It’s bigger than the both of them. This week, the United States and Iran will sign a memorandum of understanding (MOU), which is expected to reopen the Strait of Hormuz and solidify the ceasefire that they struck seventy days ago. The bilateral agreement will have far-reaching implications for other countries in the Middle East and beyond. Below, Atlantic Council experts assess the impacts on several affected regions and countries.
The Gulf states
The Gulf states have been keen to see an end to the uncertainty provoked by the misjudged war against Iran, as well as a reopening of the Strait of Hormuz to more normal maritime traffic. These countries have been hit by Iranian missiles and drones, had their oil and gas exports disrupted due to the double blockade of the strait, and suffered casualties—in some cases, fatalities—because of the war.
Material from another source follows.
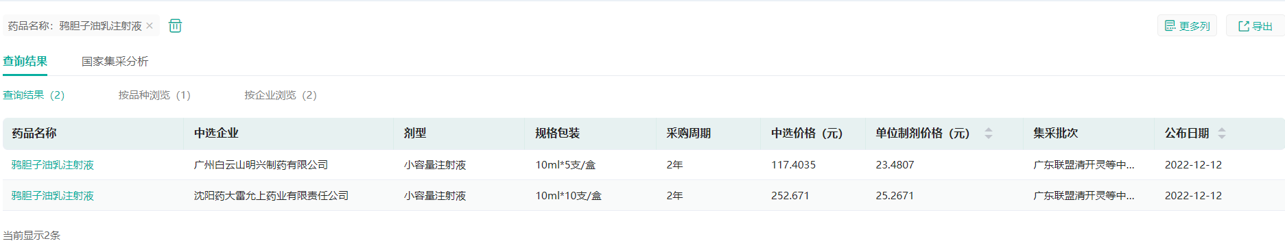 2022年12月12日,《广东联盟清开灵等中成药集中带量采购》结果公布,广州白云山明兴制药与沈阳药大雷允上药业的鸦胆子油乳注射液被纳入,中选价格每瓶在23-25元,采购周期2年,在广东、山西、河南、海南、宁夏、青海等省份供应。此次全国中成药集采,除沈阳药大雷允上药业、广州白云山明兴制药可接着申报外,九旭药业也可根据官方发布的企业申报条件的进行申报。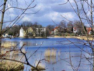 Pilec-widok na Pilecki Staw z drogi na Mrągowo.Po drugiej stronie Pileckiego Stawu znajduje się budynek dawnego młyna zbożowego.04-04-2015 (Pilec)

In their view, the agreement between the US and Iran could not come soon enough. Some Gulf Cooperation Council (GCC) members, particularly Qatar, have played a significant role as mediators in achieving the agreement.
GCC states have been some of the major losers from the conflict. Their projected economic growth has been revised down, and inflation has edged up. There’s also been some loss of confidence in their economic model and a reduction in the number of expat resident workers and tourists. In some cases—such as Qatar’s Ras Laffan liquefied natural gas plant—significant damage has been done to the infrastructure upon which the economy is dependent, and it may take years to recover fully.